Many vendors including Compellent, Pillar and 3Par support thin provisioning with automated tiered storage. The combination is critical for maximizing storage efficiency and utilization. On the other hand, EMC doesn’t appear to support thin provisioning with FAST. The lack of support on EMC’s part further limits the customer base that can actually use FAST. Compellent’s thin provisioning software, Dynamic Capacity, and Data Progression work together seamlessly. About 2/3 of our customers use Data Progression together with Dynamic Capacity, with installations ranging from 2TB to 1PB or more.
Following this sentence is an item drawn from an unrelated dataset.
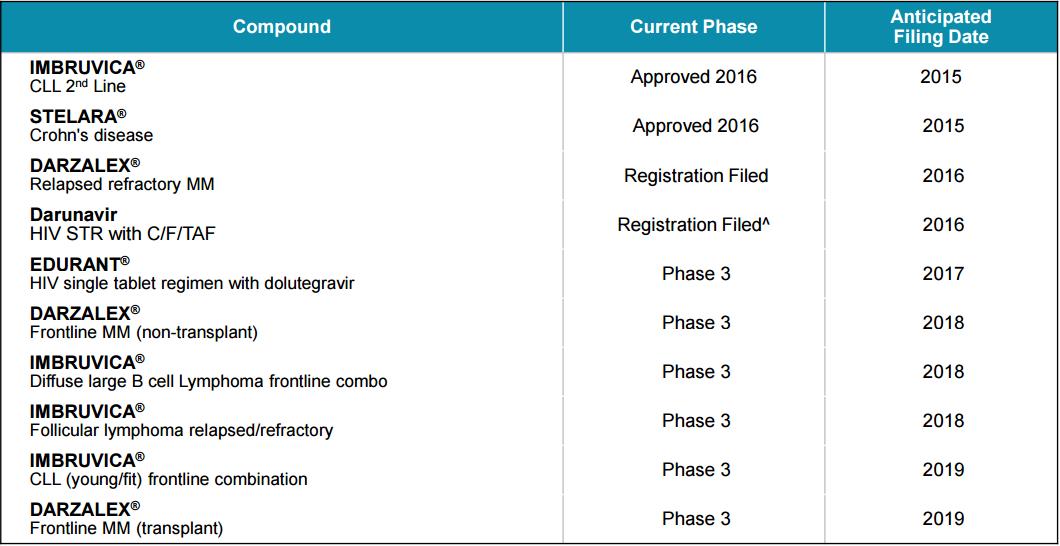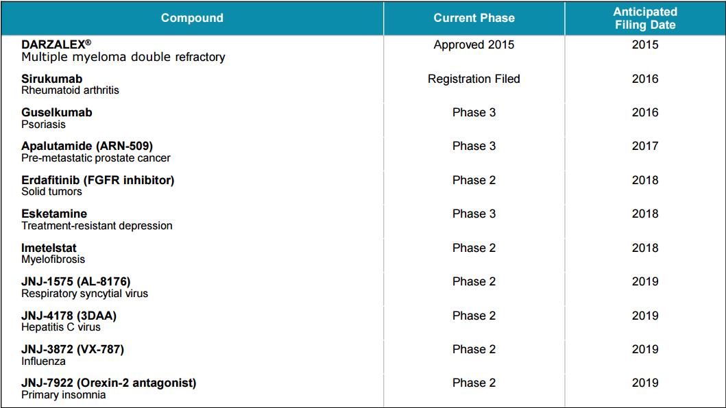 Image above Johnson & Johnson’s planned NME filings, each with $1+ billion sales potential. Source: J&J presentation
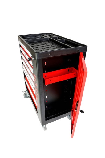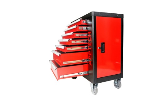 Szafka narzędziowa to sprzęt potrzebny w każdym warsztacie samochodowym , garażu czy domu. Szafka posiada 7 szuflad dodatkowo szafka wyposażona jest w drzwiczki boczne z półką.Produkt został wykonany z najwyższej jakości stali a krawędzie zewnętrzne jak i wewnętrzne zostały podwójnie wzmocnione.Szafka stoi na 4 mocnych kółkach 2 stałych oraz 2 skrętnych z blokadami.Produkt wysokiej jakości zapewni CI bezproblemowe użytkowanie

The maturity of Compellent’s automated tiered storage solution also enables customers to easily mix and match popular and emerging drive technologies such as SAS, SATA, FC and SSD in one virtual pool of storage. The tiering is based on rotational speed, so it’s possible to use different spindles of the same drive type—such as 7,200 and 15K RPM of SAS, or 10,000 and 15,000 RPM of FC—in different tiers within the same system. Because the Compellent architecture is also open, we’ll support a range of I/O technologies from FC to FCOE and iSCSI to 10GbE without requiring controller upgrades.
The benefit of a truly dynamic and persistent storage architecture means you can scale automated tiered storage to keep up with changing data requirements. We have customers such as Munder Capital that have simply added an SSD tier for better performance to their existing automated tiered storage system that they’ve been using for years (integrated with thin provisioning, replication and so on).
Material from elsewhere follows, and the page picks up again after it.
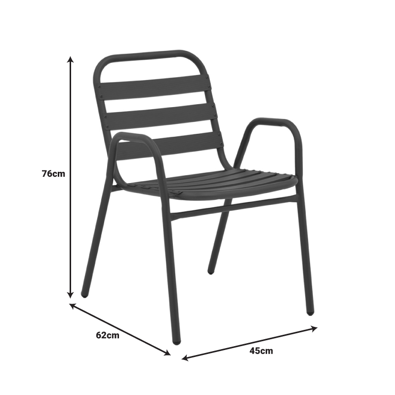 - Σταθερός σκελετός από μέταλλο εξαιρετικής ποιότητας με αντοχή σε φθορά και χρόνο, ενώ τα κομμάτια έδρας και πλάτης είναι κατασκευασμένα από φέτες αλουμινίου. Το μέταλλο παρέχει ανθεκτικότητα και σταθερότητα, ενώ οι φέτες αλουμινίου προσθέτουν ελαφρότητα και μια μοντέρνα αίσθηση στον σχεδιασμό. Η πολυθρόνα αυτή είναι ιδανική για χρήση σε εξωτερικούς χώρους, καθώς η ανθεκτικότητα στις καιρικές συνθήκες του αλουμινίου την καθιστά ανθεκτική σε έκθεση στον ήλιο και την υγρασία.
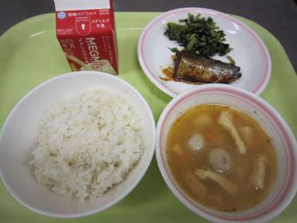 ☆ 今日の献立 ☆ ・麦ご飯 ・牛乳 ・さんまのかわり煮 ・だいこん葉のごま炒め ・いものこ汁

Data Progression is a technology we’ve worked hard to develop, patent and improve upon since we shipped our first SAN, and we couldn’t be happier with the feedback from customers of all sizes. They tell me how much Compellent’s automated tiered storage has saved them money, both in IT staff time and hardware acquisition costs. Automated tiered storage has relieved the traditional pain points of data management—and revolutionized the storage marketplace. Naturally, I'm very interested to see how end-users of EMC, 3Par and Pillar will use automated tiered storage over the long-term. But until then, I take the imitation is the sincerest form of flattery for Compellent.
Posted by: epbasketball33@yahoo.com | December 10, 2009 at 03:05 PM
Hi, whoever you are.
First, some ground rules. If you work for (or with) a specific vendor, you need to start by disclosing that. You seem to be a Compellent employee, for example, but we shouldn't have to guess.
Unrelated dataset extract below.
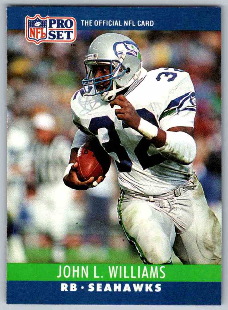 This 1990 Pro Set John L. Williams #306 Seattle Seahawks card features a great action shot of the superstar running back, capturing him in mid-stride. The card is in excellent condition, with sharp corners and vivid colors. Williams was a four-time Pro Bowl selection and a key part of the Seahawks' success in the late 1980s and early 1990s. This card is a must-have for any serious collector of Seahawks memorabilia, or anyone looking to add a great card to their collection.

See that big EMC logo on the top of my web page? No question as to who's paying the bills here!
Second, while I'm OK with competitive jousting on this blog (all part of the fun), it needs to be fact-based, rather than marketing rehash. Lots of happy marketing speak in your response.
Third, if you want to write 1,000 word competitive responses to my posts, I'd suggest you consider starting your *own* blog, rather than use mine.
Now, let's dig into specifics.
You're right, this version of FAST (for the V-Max) doesn't support virtual provisioning. However, fully supported on the Celerra. I'm not sure about the CLARiiON.
Weren't aware if you guys were shipping flash drives yet. Clearly, fully automated storage tiering is far more interesting when we get flash into the mix.
The Celerra is interesting for NAS and iSCSI use cases, because it goes even farther than your concepts around "data progression" and adds dedupe, spindown, archiving and even move-to-cloud as other options. Nothing like taking a good idea and making it into a great idea.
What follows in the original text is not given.